# Dynamics and Volume of Audio Samples in Kontakt



## CFrentzen (Dec 26, 2011)

Hey there,

I recently recognized why my virtual Instruments in Kontakt still seem a little bit "unrealistic" to me. It is the volume - I have a couple of instruments with a high dynamic range. As an example I have 16 Samples which range from very subtle quiet to aggressive loud sounds. When putting them into my DAW I have a 30 to 40dB dynamic range.

When implemented into my Kontakt patch those samples don't have this "natural" volume anymore. Seems to me that loud samples have a are reduced volume. I payed attention to the individual volume setting in the mapping editor: everything is set to 0dB. To me it sounds as if NI has an automatic normalization-function. Is there a work-around or a function to obtain the volume (as in the original wav-file)?

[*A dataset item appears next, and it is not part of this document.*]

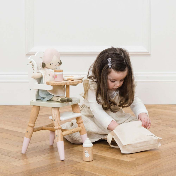 Zestaw został Wykonany z naturalnej bawełny i pięknego, certyfikowanego drewna FSC®. Wszystkie akcesoria są przystosowane do lalek i pluszaków o wymiarach około 30-35 cm.

Did anyone notice this before?

Chris


----------



## germancomponist (Dec 26, 2011)

In any sampler, you always have only 128 dynamic steps from ppp to fff . Why? Because midi allows only to adress 128 steps, whatever samples u use.

You have to be tricky with the envelope! what you can paint in Kontakt sampler..... .


----------



## Tod (Dec 26, 2011)

CFrentzen @ Mon Dec 26 said:


> Hey there,
> 
> I recently recognized why my virtual Instruments in Kontakt still seem a little bit "unrealistic" to me. It is the volume - I have a couple of instruments with a high dynamic range. As an example I have 16 Samples which range from very subtle quiet to aggressive loud sounds. When putting them into my DAW I have a 30 to 40dB dynamic range.
> 
> ...



Not sure what you mean "As an example I have 16 Samples which range from very subtle quiet to aggressive loud sounds. When putting them into my DAW I have a 30 to 40dB dynamic range", did you just load the samples into your DAW?

At any rate take a look at the velocity "Intensity" slider for the groups. If it's not set right you won't get a lot of dynamic range, the closer to "0" has the least dynamic range.

As far as volume goes, you have CC7 that usually controls the main instrument slider and most Kontakt instruments also have CC11 setup as a modulator. If you want a little more control of the volume make sure each group is setup with CC11 which works in conjunction with CC7.


----------



## CFrentzen (Dec 27, 2011)

Thanks for your quick replies. I think I need to explain in a more detailed way what I mean. 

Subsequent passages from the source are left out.